This is formatting trick #5 of this Office Timeline Gantt chart and timeline formatting series. How to quickly export your graphic as a PowerPoint table that you can incorporate back into your layout.

And this specific trick really highlights just how versatile the add-in is and why it’s the fastest way that I know of to build Gantt charts and timelines in PowerPoint.

You are bound to have a boss, client or colleague that eventually requests your Office Timeline graphic in a table format, right? Which makes sense. In this series we started with an Excel spreadsheet, turned it into a visual graphic in PowerPoint and following all of the adjustments you make, someone might want to put it back into Excel.

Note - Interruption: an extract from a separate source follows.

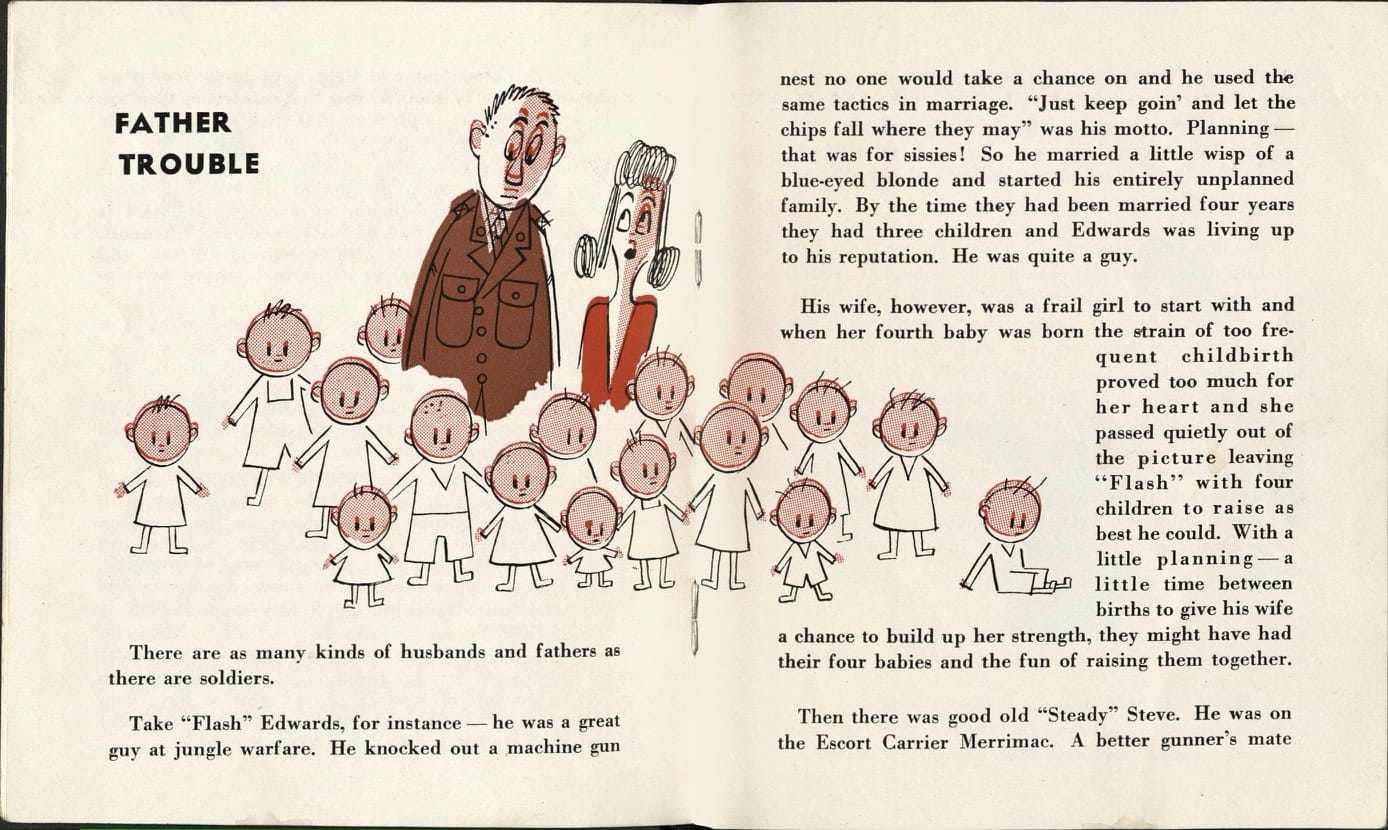 The pamphlets laid out these plans clearly, often accompanied with endearing pictures of a nuclear family. “The soldier takes a wife” features illustrations by cartoonist Ralph Stein of young dads in military uniform, shown holding a bride, pushing a stroller, and attempting to quell a screaming baby. The text, too, can be playful: fictional anecdotes spelling out the woes of one “‘Flash’ Edwards” and one “‘Steady’ Steve” serve as cautions to those who don’t space their children, figure out their budgets, or have a permanent job before starting a family.
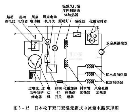 電路的工作原理為:電路接通電源后,當(dāng)溫控器觸點(diǎn)接通,化霜定時(shí)器觸點(diǎn)①與觸點(diǎn)③接通時(shí),壓縮機(jī)的起動(dòng)與保護(hù)電路通過電流,壓縮機(jī)開始運(yùn)轉(zhuǎn),電冰箱開始制冷。同時(shí)化霜定時(shí)器的時(shí)鐘電動(dòng)機(jī)M、化霜加熱器和化霜超熱保護(hù)器也有電流通過,雖然化霜定時(shí)器時(shí)鐘電機(jī)M與化霜加熱器串聯(lián)在電路中,但是由于化霜定時(shí)器時(shí)鐘電動(dòng)機(jī)M的內(nèi)阻遠(yuǎn)大于化箱加熱器、接水盤加熱器、排水管加熱器和風(fēng)扇口圈加熱器的并聯(lián)電阻,因此在電路制冷運(yùn)行過程中,并聯(lián)后的加熱器并不工作,而化霜定時(shí)器的時(shí)鐘電動(dòng)機(jī)M與壓縮機(jī)電動(dòng)機(jī)同步運(yùn)行進(jìn)行計(jì)時(shí)。

See turning the Excel spreadsheet into a PowerPoint graphic below.
https://youtu.be/M8JV_evmMRU

Thankfully, the Office timeline makes this an EASY request to fill. Watch the video above how to quickly flip your graphic into a table that you can then reincorporate into your presentation.

The office timeline add-in epitomizes the golden rule of Speed Training, which is:

Never do anything manually in PowerPoint that PowerPoint can do for you.

And because the add-in does such a great job on the backend - which is where most people mess up their slides - we are giving the office timeline+ add-in our official speed training stamp of approval.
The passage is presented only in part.